Oleuropein derived from olive leaves inhibits the activity of Helicobacter pylori urease: network pharmacology, inhibition kinetics, and mechanistic insights

Abstract

Oleuropein, the major bioactive secoiridoid in olive leaves, has been reported to exhibit anti-Helicobacter pylori (H. pylori) activity. However, its precise molecular targets and the underlying mechanisms, especially its direct interactions with key virulence factors, remain poorly defined. This study aimed to elucidate the inhibitory effect and mechanism of oleuropein on a crude H. pylori urease (HPU) extract using jack bean urease (JBU) as a reference enzyme and by integrating network pharmacology-based target prediction with comprehensive experimental validation. Network pharmacology analysis identified urease subunits within a key functional module of the H. pylori protein–protein interaction network, suggesting urease as a high-priority target of oleuropein. Subsequent enzymatic assays showed that oleuropein inhibited both HPU and JBU activities in a concentration-dependent manner, exhibiting IC₅₀ values of 1.27 ± 0.04 mM and 2.17 ± 0.03 mM, respectively.
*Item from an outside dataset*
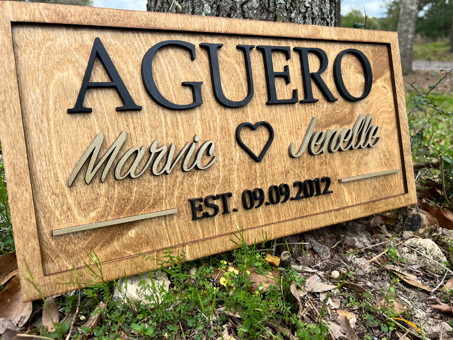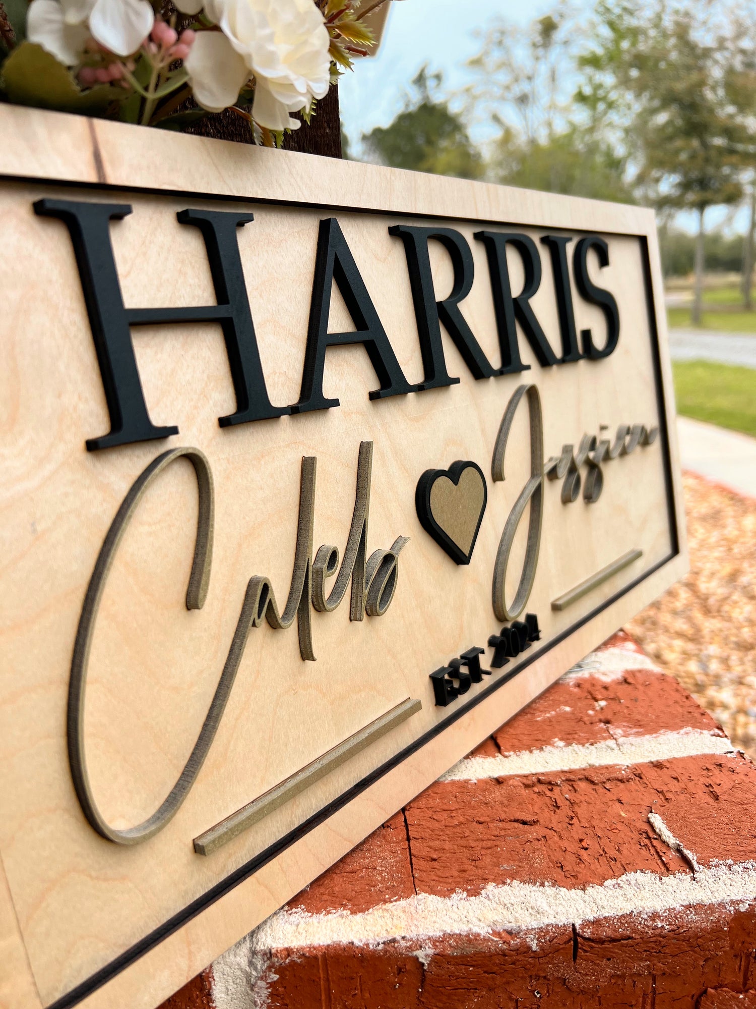 "Add some personality to your home decor with our Wedding/Anniversary/Name Gift. Made with Baltic Birch and stained oak, this piece features your custom names and established date, making it a perfect addition to any room. 3D lettering affect gives it that pop out look for an even more pop out look.

Kinetic analyses indicated that oleuropein acts as a slow-binding, mixed-type inhibitor of HPU activity and a slow-binding, noncompetitive inhibitor of JBU activity, revealing distinct interaction patterns with bacterial and plant ureases. Protection and reactivation experiments using thiol-containing reagents demonstrated that the inhibition is reversible and involves interaction with sulfhydryl groups at the active site of urease. Consistent with these findings, molecular docking results suggested that oleuropein binds in the vicinity of the flap region of HPU and forms stabilizing hydrogen bonds and hydrophobic interactions with key residues, including CYS321, which is critical for maintaining active-site conformation. In conclusion, this study provides the first systematic evidence that oleuropein acts as an effective, reversible, and slow-binding inhibitor of HPU activity, possibly involving interactions with thiol-containing residues at or near the enzyme's active site. These findings offer a mechanistic explanation for the anti-H. pylori effects of oleuropein and support its potential as a natural lead compound for the development of urease-targeted interventions against H. pylori-associated gastrointestinal diseases.